Notable things not (yet) supported

• Generator functions
• All well-known symbols not listed above
• WeakMap, WeakRef, FinalizationRegistry
• Class syntax
• Date
• Regex
• Iterator.return calls

Test262 coverage

This project is slowly working its way through the Test262 suite of JavaScript tests in order to ensure compliance with the spec.

Currently, around 5700 of the language tests are passing, or about 24%. Further work is ongoing in this area.

TODO:

• Fix 'all' Test262 tests.
  • Currently only running tests in the language folder. Need to add built-ins
• function arguments object
• toStaticJsValue option to convert objects deeply so that their prototypes still function; but still mask the Object and Function prototypes.
  • Test against engine-native iterators
• Make invokeEvaluatorSync use runTaskSync
• Rework modules to be more spec compliant with regard to linking and evaluation.
• Fix task runner not bound to continuations of promises
  • This is really thorny. On the surface, its suprising that a task runner passed to evaluateModule will only work for the initial evaluation and not for any runs after await, but it would also be suprising if the await is triggered by code that has its own runTask and that runTask isn't used in favor of the root runTask. Either way, this probably means we need to store the runTask on the context.
• Only call runTask once per evaluate call, and transparently use the same task iterator for all microtasks.
• Strict mode reserved identifiers - Need to implement Early Errors phase.
• Report code coverage in repo coveralls.io? vitest-coverage-report-action?
• Get api-extractor working. The only holdup right now is the combine and re-export of the interface and factory function of StaticJsRealm
  • Combine these into one file to make this work?
• Rename toJs to toNative

API for host implementation of functions using evaluators

Figure out public API for invoking evaluators.

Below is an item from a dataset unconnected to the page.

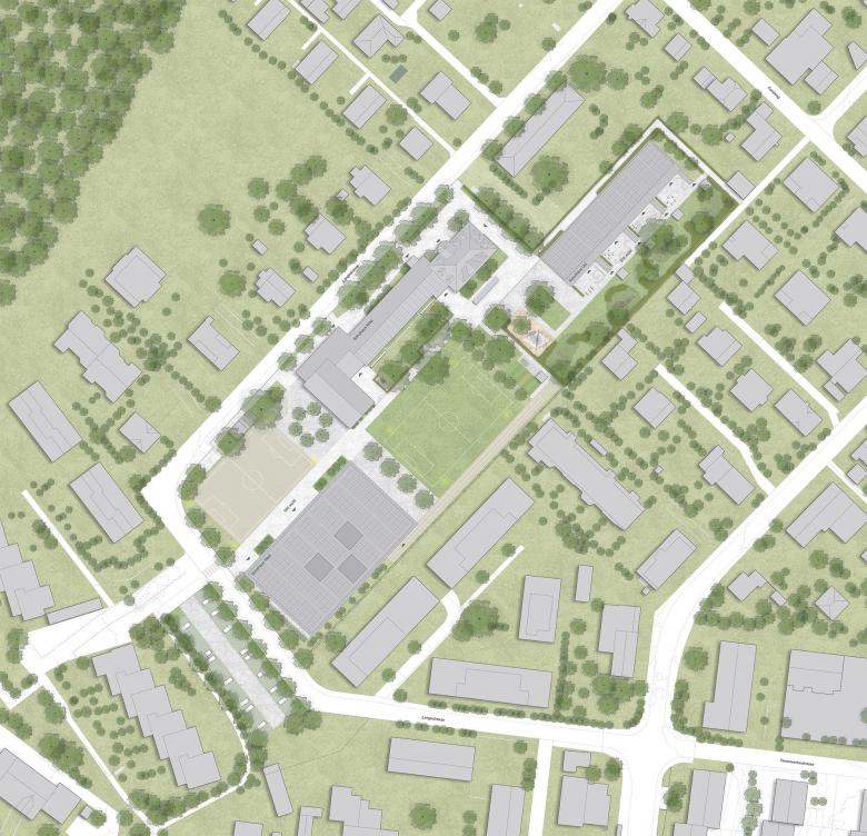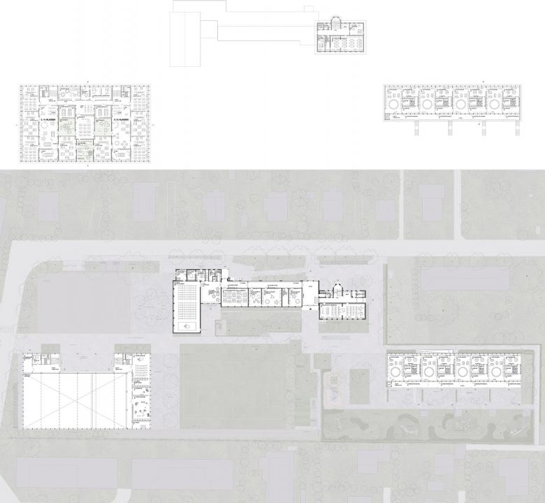 Die vorgeschlagene Erweiterung mit neuer Doppelturnhalle und Unterrichtsräumen für insgesamt 16 Klassen schafft die Möglichkeit, das historische Schulhaus ins Zentrum eines erneuerten Campus’ zu stellen, der in 2 Etappen über 2 grosse, jeweils zweigeschossige Neubauten entstehen wird: Zunächst weichen die Provisorien im Südwesten des Areals dem neuen Hallengebäude, das in seinem Obergeschoss die Unterrichtsräume der beiden Primarstufen-Cluster unterbringt. In einem zweiten Ausbauschritt ersetzt eine neue Zeile für alle 8 Basisstufenklassen die alten Kindergärten im Nordosten des Areals. In der dritten Bauetappe werden im Altbaukomplex die für das ganze Schulareal zentralen Funktionen wie Aula, Ganzstagesbetreuung, Schulbibliothek, Werkunterrichtsräume und Förderzentrum eingerichtet. Somit wächst über die 3 Ausbauetappen ein nach Altersstufen gegliederter Campus mit einer alternierenden Abfolge von Gebäuden und Freiflächen. Das Areal wird im Vollausbau v.a. entlang einer inneren, zentralen Erschliessungsachse in Längsrichtung erschlossen.

• Probably hide evaluators and provide non-evaluator non-sync APIs from intrinsic types.

• Figure out what it looks like for a consumer to want to call functions or invoke other evaluators as part of an api surface exposed within the sandbox (IE global scope functions, external modules).

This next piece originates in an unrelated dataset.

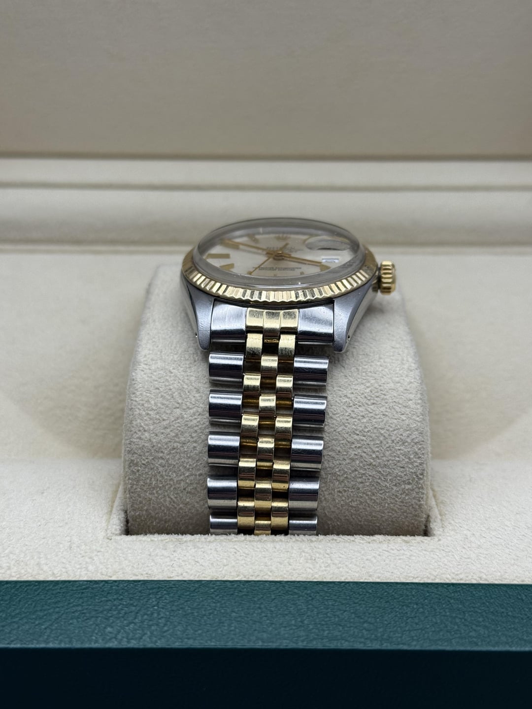 | 1983 Rolex Datejust 16013 Men's 36mm Roman Dumral White Dial Gold Bezel WI480 stryker_watches (141) |

  • Not good to have it start a new macrotask, as the task runner API should see calls to these apis happening while a task is active as continuations of the same task, not new nested tasks.
  • Should have the current macrotask inline these new tasks. Some sort of evaluator stack.

• x: Async methods

  • [ ]: Promises
  • [ ]: ...others

• [ ]: Option to specify task runners in async methods

• [ ]: Documentation

Debugging

• Add scope, variable, and stack info to StaticJsTaskIterator for debugging.
• Add support for monaco debugger Example implementation? Docs

Think about

• Host fingerprinting using Math trig functions - different results between firefox and chrome. Problem? Use a manual implementation?
  • Same problems with most pass-throughs; Date and Regex if we pass those through to.
• More control for host over environment
  • 'intrinsics' on the realm that can be replacable? Math funcs, Date.now(), performance.*, other stuff the engine would be interested in controling
    • Support the intrinsics keyword for these? Or would the host want to keep them hidden?